Arturo Escarda
Moscou, 26 nov (EFE).- A menos de quatro meses para as eleições na Rússia, ninguém duvida que Vladimir Putin seguirá por outros seis anos no Kremlin, ao contrário do primeiro-ministro Dmitri Medvedev, um político que pode ser substituído por um de seus piores inimigos, o ex-ministro de Finanças Alexei Kudrin.
Considerado um dos políticos mais liberais no entorno de Putin, Kudrin se ofereceu neste fim de semana a presidir o Governo depois das eleições presidenciais do próximo mês de março.
"Não corresponde a mim a decisão (...) mas estou disposto a tudo para que o próximo Governo tenha mais sucesso do que o anterior", disse ao ser questionado sobre os rumores que o colocam à frente do Executivo depois das eleições, em entrevista transmitida neste fim de semana pelo canal de televisão estatal "Rossia".

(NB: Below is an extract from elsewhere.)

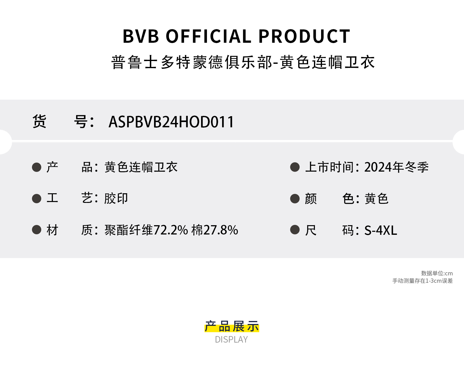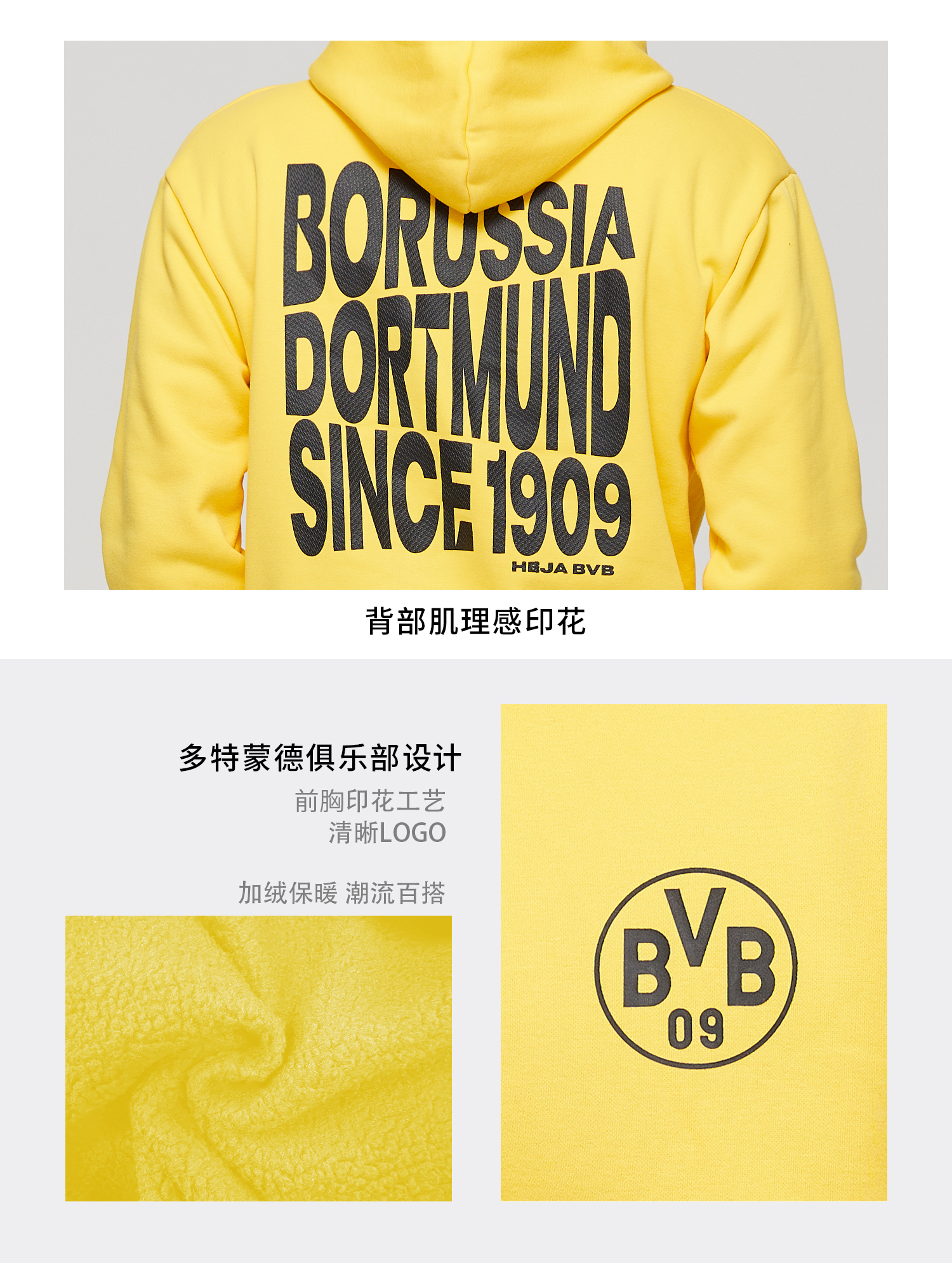 【官方正版】多特蒙德足球俱乐部|BVB黄色口号连帽卫衣秋冬保暖加厚男士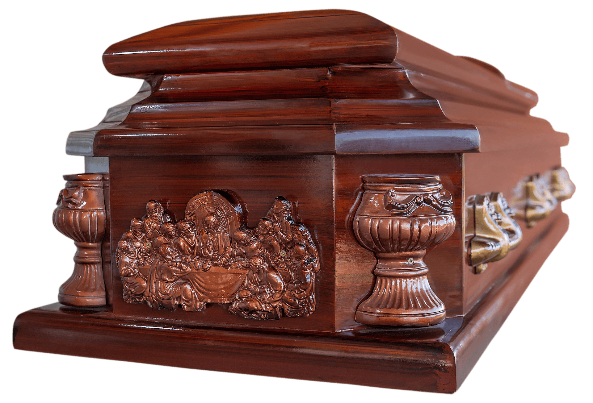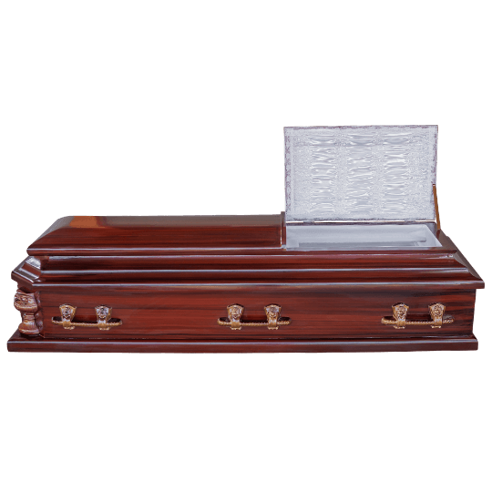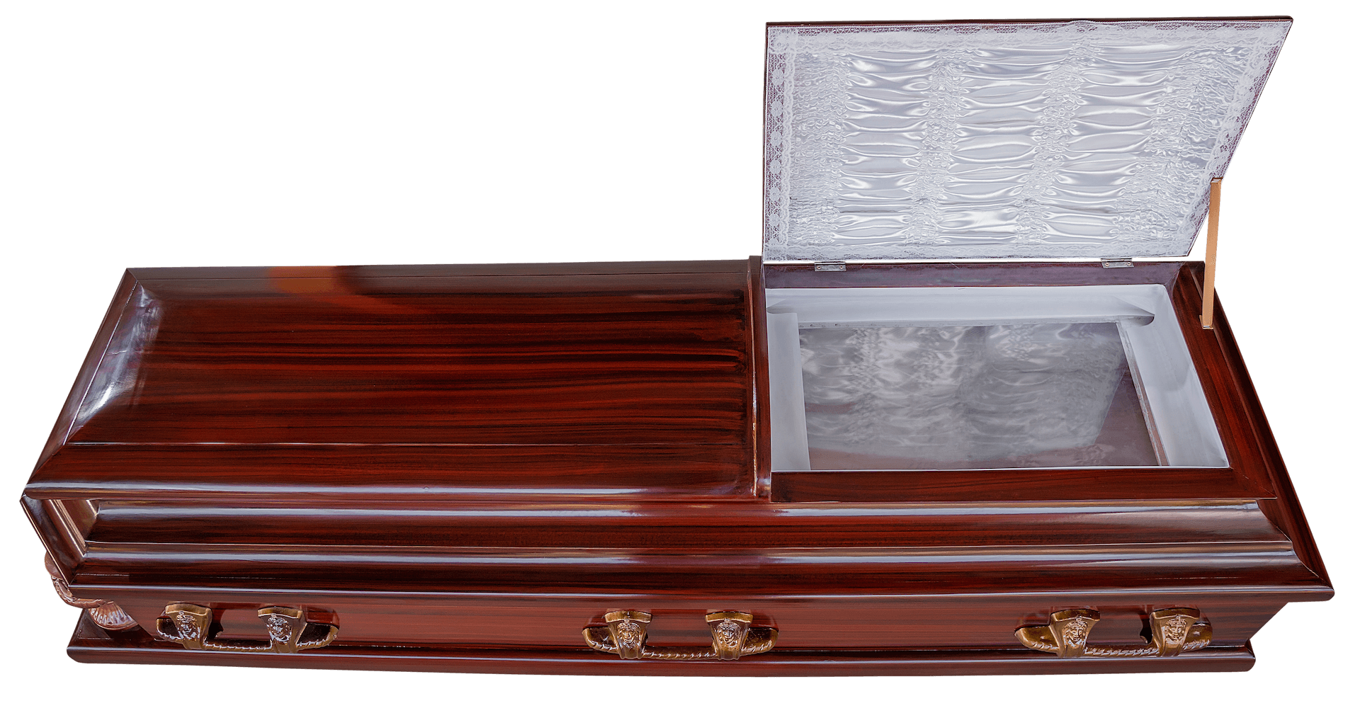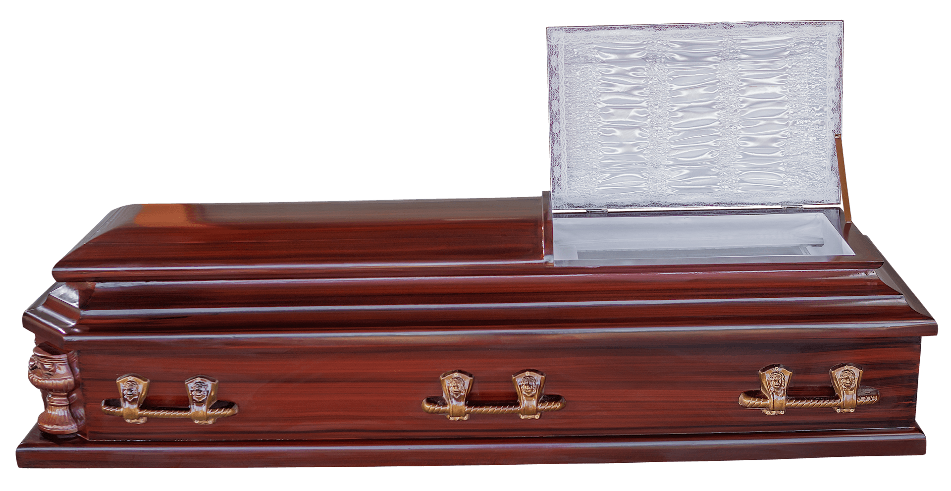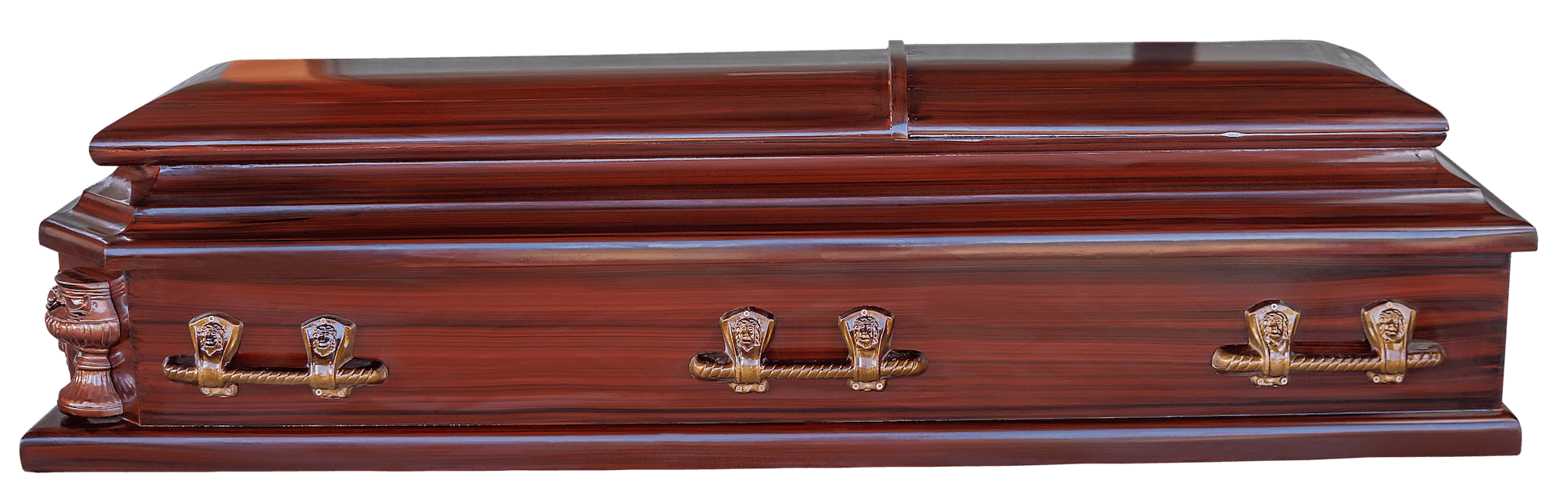 Féretro de madera alta gama caja cuadrada con cortes refinados en su parte superior, confección en madera ochoo nativa boliviana, confeccionado de manera 100 % artesanal, manillas de acero con motivos tallados y detalles decorativos con motivos religiosos.

Kudrin dirigiu durante 12 anos as finanças russas, desde a chegada de Putin ao poder em 2000 e até o final de 2011, e embora tenha saído do Governo pouco antes da volta do atual presidente ao Kremlin, nunca deixou de ser elogiado por este como um dos melhores especialistas financeiros da Rússia.
O ex-ministro deixou o Governo por diferenças com o presidente Dmitri Medvedev, e desde então sempre se manteve firme na sua determinação de não voltar ao poder enquanto o atual primeiro-ministro seguisse à frente do Executivo.
Agora que faltam meses para as eleições presidenciais - às quais Putin concorrerá com toda segurança para ser reeleito -, a popularidade de Medvedev está baixa e praticamente ninguém dá nada pela sua continuidade na política.
O atual mandato de Putin esteve marcado pela volta ao autoritarismo e as tensões com Ocidente, sobretudo após a anexação da Crimeia, mas também pela estagnação da economia e a notável queda da qualidade de vida dos cidadãos.
Talvez Kudrin - um liberal que deu ao presidente russo seus melhores resultados no âmbito econômico, que rejeita o isolamento internacional e os políticos exteriores agressivos, e que aposta por reformar a economia e o sistema de Governo - seja a carta na manga para dar um inesperado giro em toda a política de Putin.
O ex-ministro de Finanças, à frente do "think tank" Comitê de Iniciativas Civis, está há vários anos trabalhando por incumbência do líder russo em uma estratégia de desenvolvimento para o país, e as reuniões entre ambos são regulares.
Kudrin é partidário de uma dolorosa reforma econômica estrutural capaz de relançar o crescimento anual até números muito acima dos 2% com o qual o país deve terminar este ano no melhor dos casos.
Ao contrário de muitos no Governo de Medvedev, sua política liberal aposta, entre outras medidas, por aumentar a idade de aposentadoria até os padrões europeus (na Rússia os homens se aposentam aos 60 anos e as mulheres, aos 55); liberalizar os mercados, aflorar a economia submersa mediante uma reforma tributária e afrouxar o controle do Estado sobre as empresas.
Mas, além disso, - e este é um dos pontos que mais lhe afastam de Putin - defende uma drástica redução das despesas em Defesa para dirigir esse dinheiro à educação, saúde, políticas sociais e investimentos em infraestruturas.
Putin escuta Kudrin, inclusive ordena ao Governo de Medvedev que estude a viabilidade de suas propostas, mas até agora fez muito pouco.
Em abril de 2013 ofereceu que Kudrin voltasse ao Governo, e fez isso em público, durante a tradicional linha direta com os cidadãos transmitida por todas as televisões estatais do país.
Mas então, diante de milhões de telespectadores, Kudrin respondeu ao chefe do Kremlin que não voltaria a um Executivo de "medidas e reformas médias" que dirige por inércia "ao invés de fazer políticas reais".
Eram tempos de crise econômica na Europa e relativa abundância na Rússia; Crimeia seguia sendo ucraniana e Putin, inclusive criticado por reprimir os protestos antigovernamentais nas ruas de Moscou, era ainda um líder respeitado no mundo.